A New Wave of Discrimination in Myanmar

Myanmar has a long-standing anti-Muslim narrative, especially against the Rohingyas. In the 1980’s the Myanmar government began to deny Rohingyas citizenship.  In 2012, the Ministry of Immigration and Population adopted the motto of “The earth will not swallow a race to extinction but another race will”. Buddhist nationalists distributed pamphlets and spread the idea that the Rohingya, an ethnically Muslim minority, should be forced out of Myanmar, a Buddhist country. Later that year, violence ensued as Buddhist nationalists began to attack the Rohingya with machetes and spears alongside police. On August 25, 2017, tensions escalated once again as military troops and Buddhist mobs began to torch Rohingya villages and attacked, raped, and killed over 6,700 Rohingyas. Myanmar denies that the attacks were genocidal and instead claims that they were “fighting Rohingya militants”. In January 2020, the United Nations’ court ordered that Myanmar take action in protecting the Rohingyas from further genocide. However, now during the worldwide pandemic, the Myanmar government is using Covid-19 as an excuse to further discriminate against the Rohingyas. 

The Rohingya are being dehumanized by many Myanmar politicians through their rhetoric especially leading up to the Myanmar Presidential Election in November.

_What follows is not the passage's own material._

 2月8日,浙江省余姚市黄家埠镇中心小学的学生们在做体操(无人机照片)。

The Rohingya are serving as a scapegoat for the most recent wave of coronavirus with propaganda declaring that they brought the disease over from Bangladesh. One Myanmar lawmaker posted on Facebook demanding for the segregation of the Rohingya from the Buddhists. Kyaw Win , the director of Burma Human Rights Network said that his team has been seeing a rise in discrimination and hate speech against the Rohingya online by Buddhist nationalists. Shops are refusing to sell their merchandise to the Rohingya.

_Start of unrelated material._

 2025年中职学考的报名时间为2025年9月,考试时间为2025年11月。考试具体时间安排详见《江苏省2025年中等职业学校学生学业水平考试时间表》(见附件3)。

The Myanmar government also uses Covid-19 as an excuse to extort money from the Rohingyas. There are fines in Myanmar for not following Covid-19 procedures or protocol, such as not wearing a mask or not social distancing. The police overlook most violations of these rules by Buddhists and disproportionately punish the Rohingyas. Also, there are higher fines in areas with a higher population of Rohingyas. For example, in predominantly Buddhist areas the fine for not wearing a mask is only 1,000 Kyat or $0.75 USD. In predominantly Rohingya areas the fine for not wearing a mask is 10,000 Kyat, or $7.75 USD. Some Rohingyas have had to forego food for the week in order to buy a mask to try and avoid the large fines. However, there have been reports that the police will still take the money out of people’s pockets as a ‘fine’ regardless if they are or aren’t wearing a mask.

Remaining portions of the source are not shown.